時代の流れ、ライフスタイルの変化に伴って、家の間取りにも変化があります。特に2020年はコロナの出現によって、家のあり方や配置などに大きく影響がありました。そんな変化のひとつが、洗面・手洗い場です。以前は脱衣所の一角にあった洗面所が、別に独立させて配置する間取りが増えています。
2021年の間取りのトレンド、むしろ当たり前となりつつある、洗面・手洗い場と脱衣所を別にする間取りには、どんなメリットがあり、どのように取り入れると良いのでしょうか?
ではまず、洗面・手洗い場と脱衣所を別にするメリットを見てみましょう。
コロナ禍にあって、外出先から帰るとすぐに手洗いするというのが、当たり前の導線になっています。手洗いをする習慣があったお宅でも、今まで以上に室内での接触を出来るだけ防ぎ、最短距離で手を洗うという点では、一般的な脱衣所の中にある洗面手洗い器を利用しようとすると、玄関から離れていたり、その部屋に行くまでにドアやスイッチに幾つか触れなければいけなかったりしてしまいます。
しかし、洗面手洗い器のある脱衣所を移動させようと思うと、脱衣所を利用する浴室も一緒に動かす必要があり、大移動となります。そこで、洗面・手洗い場と脱衣所を別用途の空間として捉えることで、間取りの自由度が高まります。比較的狭いスペースで充分な手洗い器だけを別にすることで、帰宅後の手洗い導線を優先させた場所、玄関に出来るだけ近い場所に設置しやすくなるのです。
お客様に手を洗ってもらう際に、洗濯機や洗濯物のある脱衣所を見せるのは嫌という方は少なくありません。洗面・手洗い場と脱衣所を別にしておけば、プライベート空間を保つことが出来ます。
また、家族の帰宅時間など生活リズムが違うと、帰宅して手を洗いたいのに、他の家族が脱衣場を利用していて入れないということもあります。朝の身支度と朝風呂の時間が重なってしまうという家族もいます。実は使う頻度や用途が違う洗面所と脱衣所なのに、同じスペースにあることで使いづらくなってしまっているのです。そのため、別にしておくことで、気を遣わずに、自分のペースで必要な時にそれぞれの空間を利用しやすくなります。
学校や会社に行く朝の身支度の時間が重なる家族が多い家庭では、一般的な四角形の脱衣所の狭い空間では混雑して使いづらいと感じているというのは、よくある話です。一人で洋服を脱ぐための脱衣スペースは前後左右にスペースがとれる四角形が便利なのに対し、大きな動きは必要なく洗面カウンターの前で鏡が見えるように立ちたい洗面所は、前後のスペースより左右に長い方が便利です。特に家族数人が同時に使う場合は、並んで立てるような横長の空間が使いやすい配置かもしれません。
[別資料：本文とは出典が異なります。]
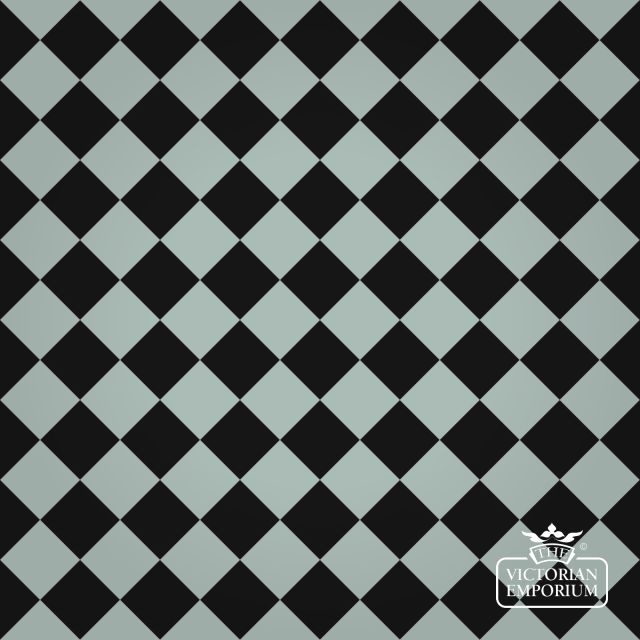 Black and sky blue floor Victorian Path tiles making up a chequerboard pattern. Can also be turned 45 degrees to make a diamond pattern.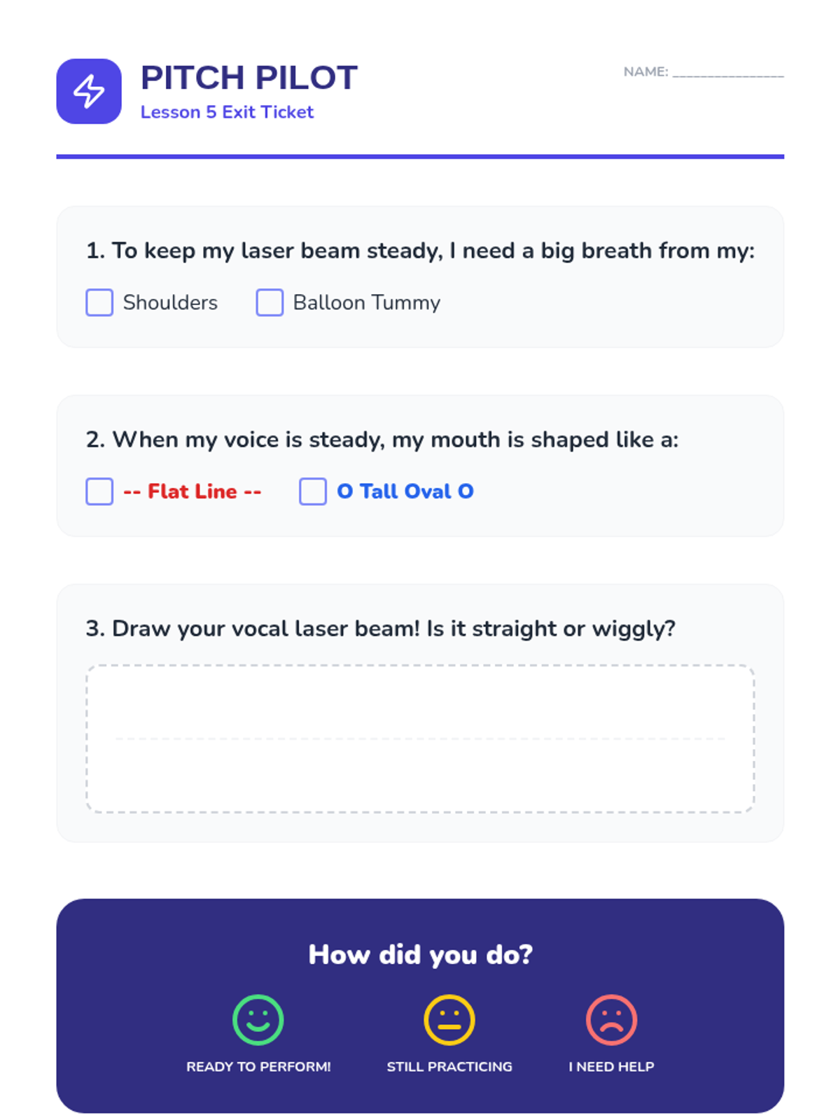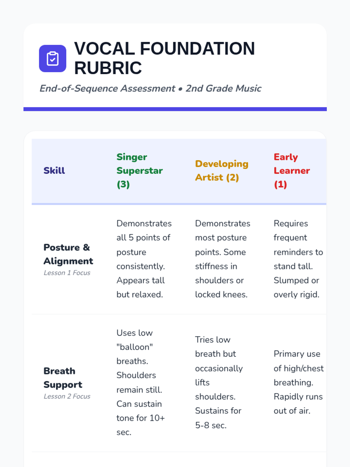 A foundational music sequence for 2nd graders focusing on the physical mechanics of singing. Students explore posture, diaphragmatic breathing, vocal registers, and vowel shapes to build a healthy 'human instrument'.

この2つの空間を満たすためには、左右前後に大きなスペースが必要になってしまいますが、別にすることで、それぞれに必要最低限なスペースを確保すれば良いので、混雑を避けられるうえに、間取りも無駄なく使うことが出来るというメリットがあります。
実際に、洗面・手洗い場と脱衣所を別にするうえで、どんな点に注目して間取りを考えると良いのでしょうか?人気の間取りや考え方のヒントをご紹介したいと思います。
コロナの影響を受けて、洗面所とは別に新たに手洗い器を玄関近くに設けるというリフォームが増えましたが、そもそもの洗面・手洗い場を玄関近くに設けることで、手洗い器を2カ所設置する必要はありません。手洗い器を増やすのではなく、洗面所の間取りを変えることを考えてみましょう。
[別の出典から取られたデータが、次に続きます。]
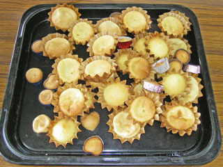 オリーブオイル 8 g グラニュー糖 15 g 全卵 15 g 薄力粉 15 g ベーキングパウダー 0.2 g レモンの汁 1/10個分 豆乳 3 cc オリーブオイル 少量 粉砂糖 適量
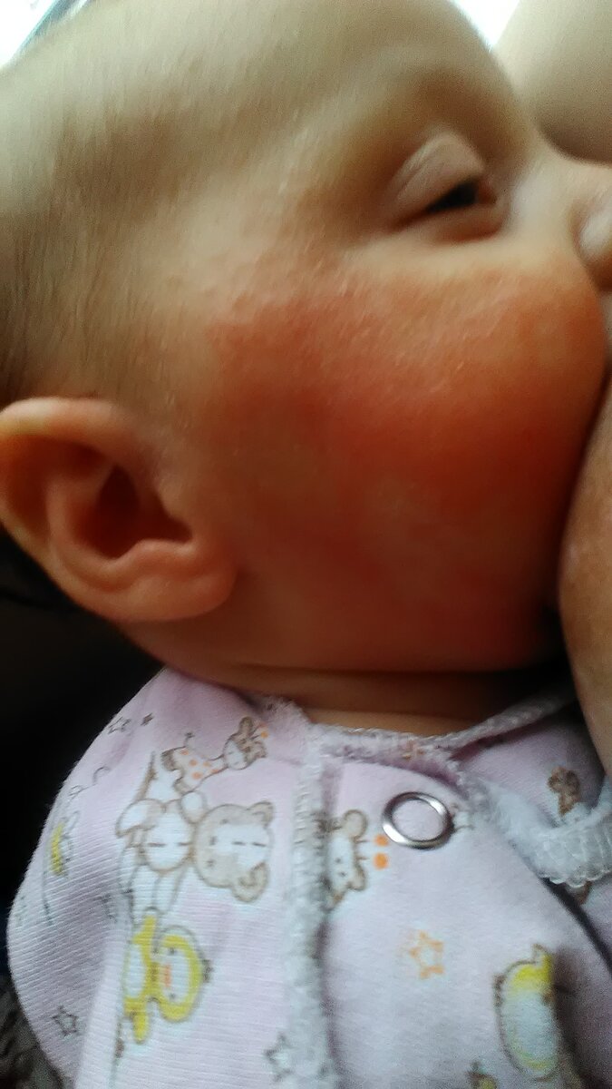На данном фото представлена пищевая аллергия,признаки следующие: 1.Мелкие красные прыщики,могуть быть внутри с прозрачной головкой 2.Зуд,вы заметите ребенок часто трогает лицо 3. При аллелгии всегда есть шелушение 4.Все эти красные пузырьки при запущенной стадии сливаются в одно или нескольно красных пятен Нам выписали лечение капли от зуда,и крем увлажняюший для новорождённых,также купала в листьях лаврового листа на кастрюлю 5 литров 20 листьев лаврушки, делала 10 процедур на ночь,можно в череде купать но она сушит кожу. Теперь перейдем к акне грудничка отличие от аллергии 1.Отсутствует зуд 2. Нет слияния в одно или нескольких красных пятен 3.Акне дейсвительно очень похоже на подростковую угревую сыпь,кпупные шишки с белой головкой Акне не требует лечения,оно проходит само собой через несколько месяцев.В любом из случаев при любых высыпаниях обращайтесь к специалисту.Дорогие подписчики следующая статья будет на тему:"Чем занять активного ребенка от 1,5 до 3 лет.

玄関に近く、普段家の中から使う点でも利用しやすい場所として玄関ホールや、廊下に並列して洗面手洗い器を設けるケースは人気の間取りとなっています。壁に埋め込むようなかたちで洗面手洗い器を設ければ廊下に凹凸が出来ることを防げ、通行の妨げにもなりません。また、埋め込んだ裏側の空間を脱衣場にして、洗面手洗い器で出来た凹凸を利用し洗濯機を置いたり収納棚を設けたりすることも出来るかもしれません。洗面・手洗い場と脱衣場を別にしつつも、隣接した位置に設置できて導線がスムーズになるうえに、凹凸を利用した配置が出来て、デッドスペースを作らずにすみます。
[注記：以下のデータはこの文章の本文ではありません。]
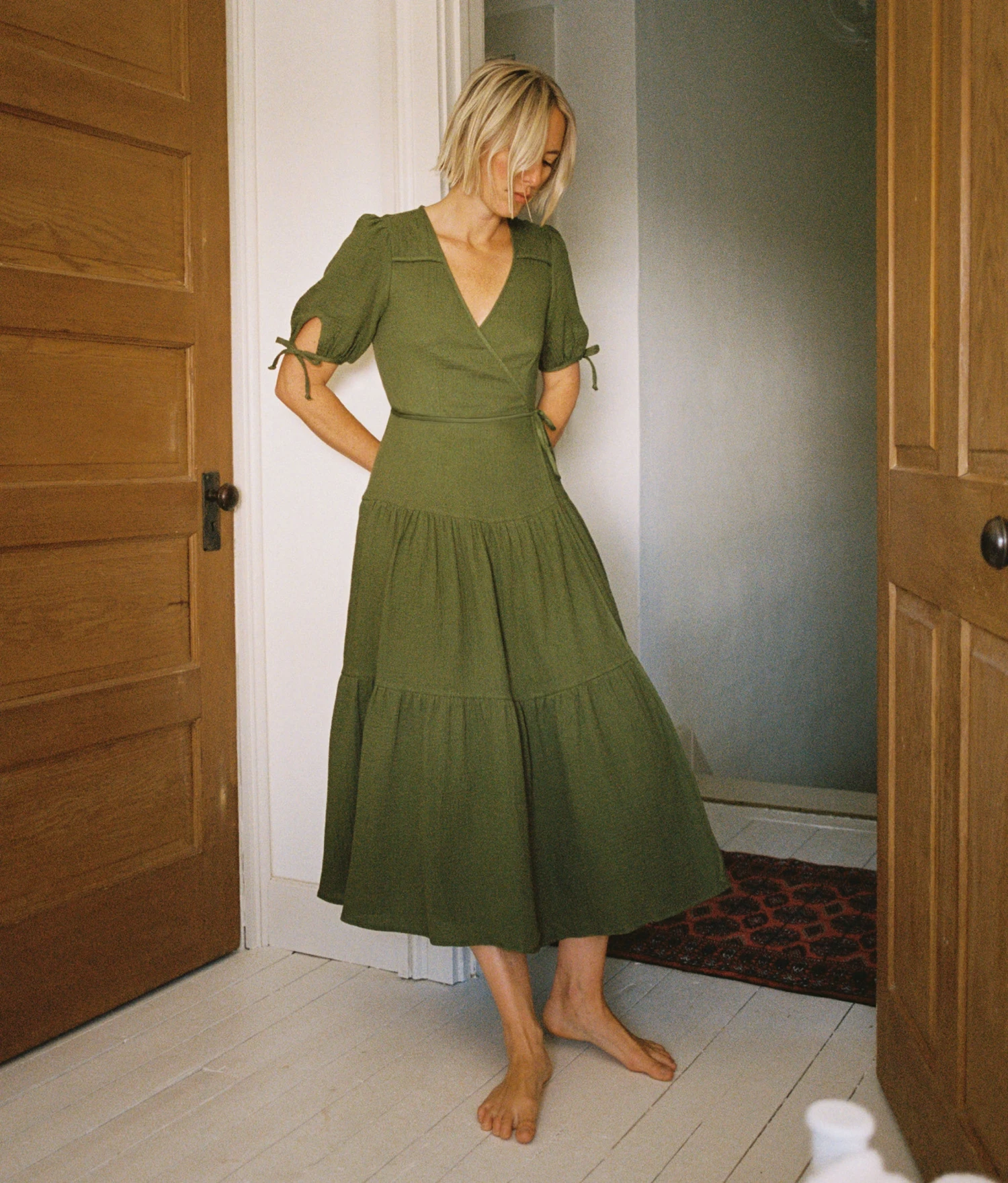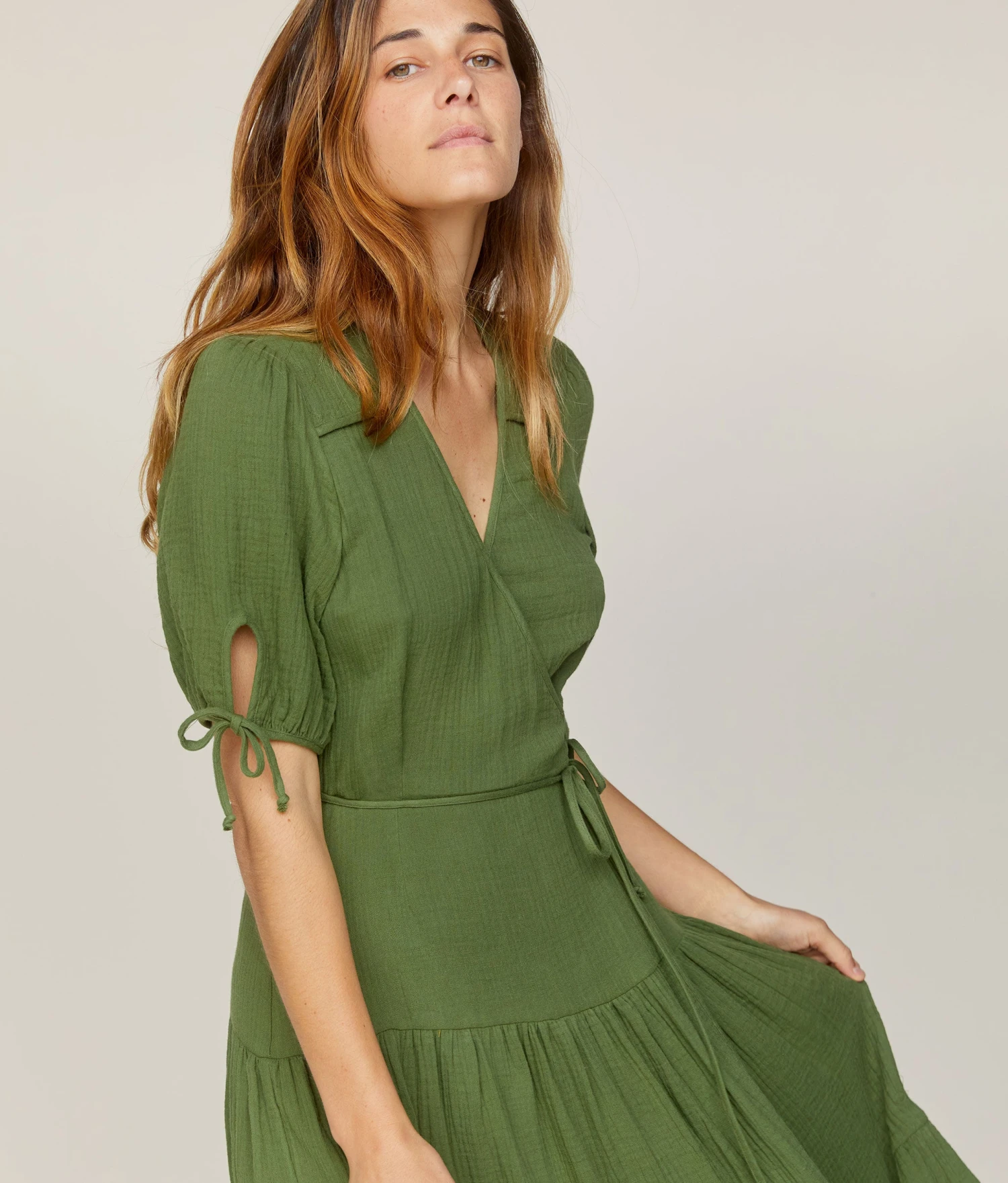 - Short-sleeved adjustable wrapped midi dress

結局外出先から帰ってきたらお風呂に直行する、洋服を脱ぐという方にとっては、手洗い器を玄関近くに移動させるだけでなく、手洗い場と脱衣所、浴室全てが近く導線が短い方が便利だと感じるのではないでしょうか?家事導線という点からも、近いことは便利です。しかし、それぞれの空間を別に確保することでプライバシーが守られるというメリットを生かしたいという思いもあるかもしれません。
そのような場合は、わざわざ空間を離す間取りにする必要はありません。洗面脱衣所内に、ドアを設置して空間を区切ることで、状況に合わせて独立した空間として使うことが出来ます。例えば、洗濯機と同じ奥行きのドア幅にして引戸にすることで、普段は洗濯機横にドアを引き込み開放的に使うことが出来ます。来客時や、浴室を利用する家族がいる時だけ、ドアを閉めてプライベート空間を守ることに使えます。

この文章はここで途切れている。